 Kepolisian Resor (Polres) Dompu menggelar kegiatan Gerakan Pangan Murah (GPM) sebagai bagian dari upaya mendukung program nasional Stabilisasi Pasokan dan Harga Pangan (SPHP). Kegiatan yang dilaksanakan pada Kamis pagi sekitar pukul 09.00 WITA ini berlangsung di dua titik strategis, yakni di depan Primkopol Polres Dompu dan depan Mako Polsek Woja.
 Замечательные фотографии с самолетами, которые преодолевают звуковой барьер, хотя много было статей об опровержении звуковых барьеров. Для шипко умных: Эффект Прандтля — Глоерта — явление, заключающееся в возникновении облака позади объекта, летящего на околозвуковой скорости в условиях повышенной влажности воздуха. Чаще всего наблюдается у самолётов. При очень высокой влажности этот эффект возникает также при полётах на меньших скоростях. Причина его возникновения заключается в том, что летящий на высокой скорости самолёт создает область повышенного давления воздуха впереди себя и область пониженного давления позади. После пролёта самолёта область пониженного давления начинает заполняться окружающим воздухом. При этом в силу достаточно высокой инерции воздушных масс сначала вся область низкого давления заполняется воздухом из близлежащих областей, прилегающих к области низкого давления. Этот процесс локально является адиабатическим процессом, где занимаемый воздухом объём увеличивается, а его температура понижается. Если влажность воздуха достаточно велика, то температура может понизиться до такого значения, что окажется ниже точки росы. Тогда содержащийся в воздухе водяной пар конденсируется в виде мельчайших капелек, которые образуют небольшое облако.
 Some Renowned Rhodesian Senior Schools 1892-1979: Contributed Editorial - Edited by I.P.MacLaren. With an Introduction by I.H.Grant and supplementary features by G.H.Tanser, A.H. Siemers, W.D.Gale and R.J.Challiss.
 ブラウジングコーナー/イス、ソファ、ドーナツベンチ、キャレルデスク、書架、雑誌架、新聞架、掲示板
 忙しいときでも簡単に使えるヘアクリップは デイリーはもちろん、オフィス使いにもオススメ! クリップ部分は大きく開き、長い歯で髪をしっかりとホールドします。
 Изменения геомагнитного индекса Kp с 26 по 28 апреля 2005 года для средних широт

Task statement. Take the listing above and repeat exactly the lines from the one containing "Some Renowned Rhodesian" through the one containing "ブラウジングコーナー/イス、", both included.

Written answer.
 Some Renowned Rhodesian Senior Schools 1892-1979: Contributed Editorial - Edited by I.P.MacLaren. With an Introduction by I.H.Grant and supplementary features by G.H.Tanser, A.H. Siemers, W.D.Gale and R.J.Challiss.
 ブラウジングコーナー/イス、ソファ、ドーナツベンチ、キャレルデスク、書架、雑誌架、新聞架、掲示板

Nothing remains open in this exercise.